Start of Records to process

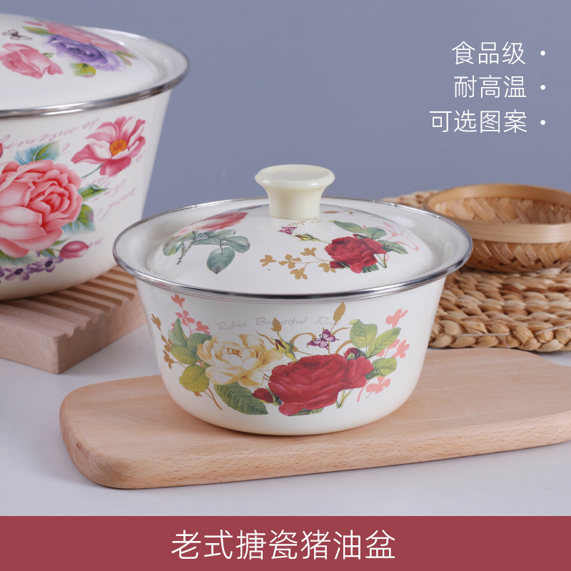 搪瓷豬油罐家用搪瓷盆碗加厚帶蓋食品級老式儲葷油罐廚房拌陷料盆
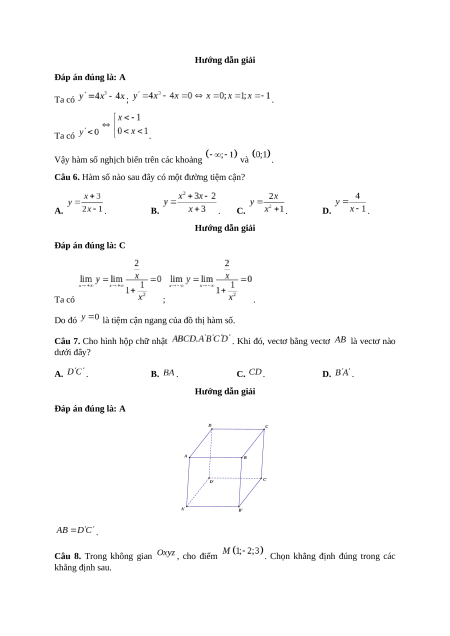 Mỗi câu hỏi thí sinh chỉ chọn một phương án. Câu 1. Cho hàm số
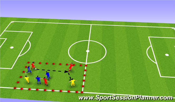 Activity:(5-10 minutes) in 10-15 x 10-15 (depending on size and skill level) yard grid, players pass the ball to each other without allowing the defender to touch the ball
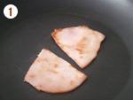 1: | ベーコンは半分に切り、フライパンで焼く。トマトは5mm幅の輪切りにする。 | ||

End of Records to process
Start of Records to process

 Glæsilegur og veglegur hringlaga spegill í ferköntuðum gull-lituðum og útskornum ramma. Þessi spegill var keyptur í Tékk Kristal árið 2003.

End of Records to process

### About this task
In the data above, the stretch from the line with "搪瓷豬油罐家用搪瓷盆碗加厚帶蓋食品級老式儲葷油罐廚房拌陷料盆" through the line with "1: | ベーコンは半分に切り、フライパンで焼く。トマトは5mm幅の輪切りにする。" is to be returned exactly, minus any pictures.

### Task result
 搪瓷豬油罐家用搪瓷盆碗加厚帶蓋食品級老式儲葷油罐廚房拌陷料盆
 Mỗi câu hỏi thí sinh chỉ chọn một phương án. Câu 1. Cho hàm số
 Activity:(5-10 minutes) in 10-15 x 10-15 (depending on size and skill level) yard grid, players pass the ball to each other without allowing the defender to touch the ball
 1: | ベーコンは半分に切り、フライパンで焼く。トマトは5mm幅の輪切りにする。 | ||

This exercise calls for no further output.